As another embodiment of the present invention, the method further comprises:
and S630, training the initial sample generator by using the first target training sample set or the second target training sample set or the third target training sample set to generate a plurality of groups of model parameters corresponding to the initial sample generator. And obtaining model parameters corresponding to a group of initial sample generators after completing training for 1 ten thousand times.
S640, obtaining a plurality of groups of model parameters from the training time intervals of [95 ten thousand times and 105 ten thousand times ] to perform mean value calculation processing, and generating target model parameters.
Preferably, the average value calculation processing is performed on model parameters obtained after 97 ten thousand times, 98 ten thousand times, 99 ten thousand times, 100 ten thousand times and 101 ten thousand times of training are completed, so as to generate target model parameters.
S650, configuring the target model parameters into an initial sample generator to generate a remote sensing sample generator.
Specifically, in the training process, if the training times are too many, the problem of overfitting of the finally obtained model is easy to occur; the training times are too small, and the problem of under fitting of the finally obtained model is easy to occur. Therefore, in this embodiment, in the interval with a better model training effect, multiple groups of model parameters are selected to perform mean value calculation processing, so that the generated target model parameters can avoid errors existing in a single group of model parameters as much as possible, and finally the generated remote sensing sample generator has better prediction precision.
As another embodiment of the present invention, prior to training the initial sample generator using the first target training sample set or the second target training sample set or the third target training sample set, S630, the method further comprises:
and S700, performing model optimization processing on the first initial sample generator to generate an initial sample generator. The model optimization process is used to adjust the structure of the first initial sample generator to improve the prediction accuracy of the generated initial sample generator.
In this embodiment, an existing DDPM diffusion model is optimized and improved, so that the generated initial sample generator can have higher prediction accuracy.
As another embodiment of the present invention, the first initial sample generator includes a DDPM diffusion model.
The model optimization process comprises the following steps:
s710, configuring a discriminator for the DDPM diffusion model, and generating an initial sample generator. The initial sample generator is a generative antagonism network. The discriminator is a discriminator built by a resnet network.
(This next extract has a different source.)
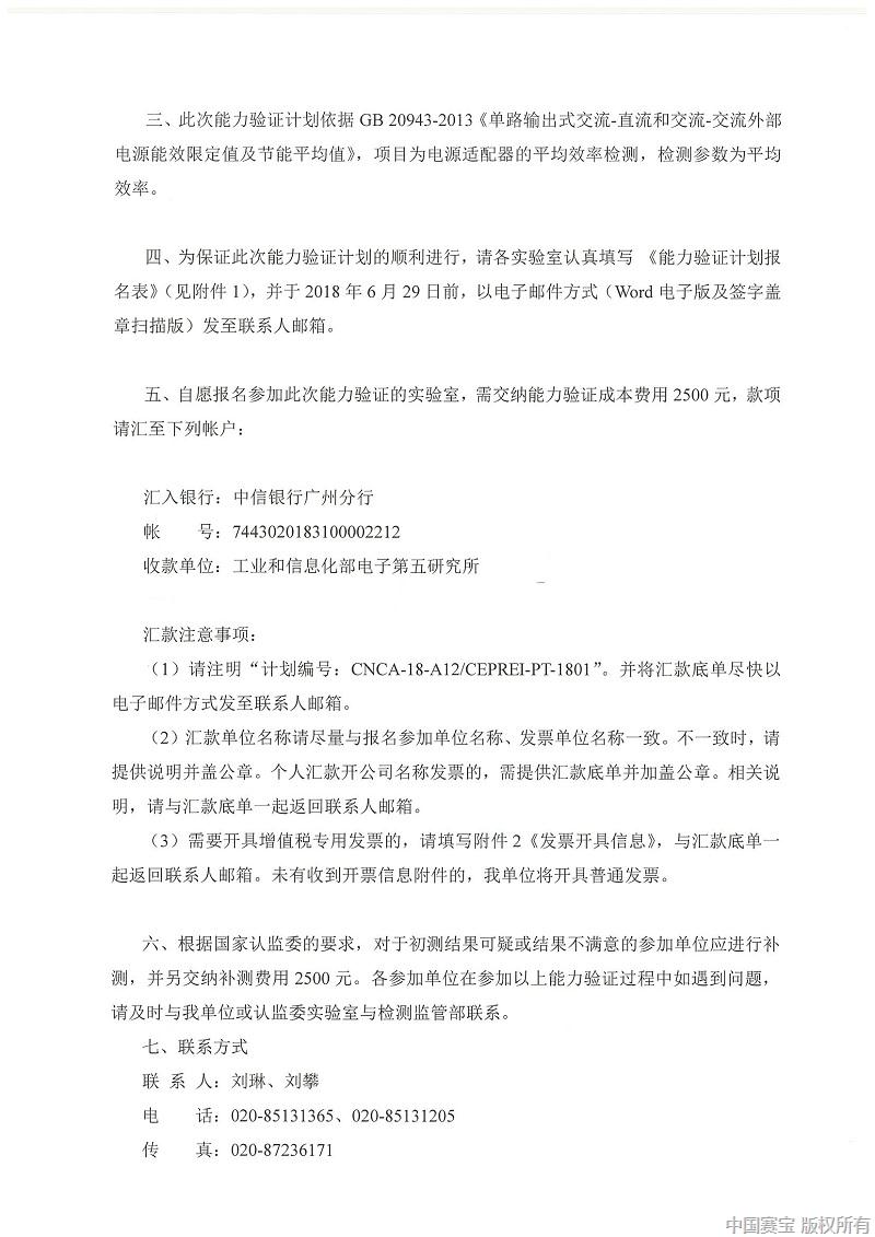 关于邀请参加2018年国家认监委实验室能力验证计划“电源适配器的平均效率检测”的通知

The present embodiment constructs the initial sample generator as a generation type countermeasure network by configuring a discriminator for the DDPM diffusion model. The generated countermeasure network (GAN, generative Adversarial Networks) is a deep learning model, and is one of the most promising methods for unsupervised learning on complex distribution in recent years. The model is built up by at least two modules in the frame: generating a Model (generating Model), namely a DDPM diffusion Model; and a discriminant model (Discriminative Model), i.e. a discriminator. And produces a reasonably good output by generating a model and learning the discriminant model in a game with each other.
Wherein, loss value G of DDPM diffusion model loss Meets the following conditions:
G loss =MSE(nosie,f(x))*(1-λ)+λ*C(out ones ,D(fake))。
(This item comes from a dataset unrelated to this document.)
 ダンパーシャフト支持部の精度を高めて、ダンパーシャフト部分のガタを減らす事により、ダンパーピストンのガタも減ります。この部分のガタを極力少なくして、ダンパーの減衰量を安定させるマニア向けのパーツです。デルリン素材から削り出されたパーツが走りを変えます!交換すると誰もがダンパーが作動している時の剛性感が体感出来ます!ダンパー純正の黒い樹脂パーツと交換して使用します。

loss value D of discriminator loss Meets the following conditions:
D loss =C(out ones ,D(true))+C(out zeros ,D(fake))。
wherein C is a binary cross entropy function, and MSE is a mean square difference function. Both C and MSE are existing loss functions. nosie is random gaussian noise. f (x) is gaussian noise fitted to the DDPM diffusion model. fake is an image matrix generated by the DDPM diffusion model. D (fake) is a feature matrix after feature extraction by the fake discriminator, and the size of the feature matrix is 512 x 1.true is the true image in the training sample. D (wire) is a feature matrix after feature extraction by the discriminator, and the feature matrix has a size of 512×1.out of zeros Out for an all 0 matrix of the same size as D (rake) ones Is an all 1 matrix of the same size as D (rake). Lambda is the influence coefficient, lambda epsilon [0,1 ]]. Preferably, λ=0.2.
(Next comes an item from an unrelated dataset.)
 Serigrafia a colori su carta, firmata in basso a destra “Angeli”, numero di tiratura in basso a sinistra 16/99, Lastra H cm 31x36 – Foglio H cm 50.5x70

According to the embodiment, through introducing the GAN architecture concept, whether an image generated by the DDPM diffusion model is real or not can be automatically detected through the discriminator, and if the discriminator considers that the image is real, rewarding is carried out on the DDPM diffusion model; if the discriminator considers false, the DDPM diffusion model is penalized. At G loss Adding lambda C (out ones D (false)) and the final loss value can be adaptively adjusted. Specifically, when the discriminator considers that the image generated by the DDPM diffusion model is closer to the true value, λ×c (out ones D (false)) is small, then G is caused to be loss The corresponding loss function value is also smaller; and when the discriminator considers that the image generated by the DDPM diffusion model differs greatly from the true value, λ×c (out ones D (false)) is larger, then G is caused to be loss The corresponding loss function value is also larger.
Thus, by at G loss Adding lambda C (out ones D (false)) and the final loss value can be adaptively adjusted. And further, a remote sensing sample generator finally generated after training, namely a DDPM diffusion model after training, can generate a target remote sensing image which is closer to the real image and more real.
As another embodiment of the present invention, the first initial sample generator includes a DDPM diffusion model.
The model optimization process comprises the following steps:
s720, replacing the Unet network in the DDPM diffusion model with 3 parallel-arranged Unet networks, and generating an initial sample generator.
The first Unet network is used for processing noise data of the initial sample generator in the denoising iteration time of [0, n/3 ].
The second Unet network is used for processing noise data of which the number of denoising iterations belongs to (n/3, 2 n/3) of the initial sample generator.
The third Unet network is used for processing noise data of the initial sample generator in the (2 n/3, n) of denoising iteration times, wherein n is the total denoising iteration times corresponding to the initial sample generator when processing training samples each time.
Taking n=300 as an example, the following description is made:
the first Unet network is used for processing noise data of the initial sample generator in the denoising iteration number of [0, 100 ].
The second Unet network is used for processing noise data of which the number of denoising iterations belongs to (100, 200) of the initial sample generator.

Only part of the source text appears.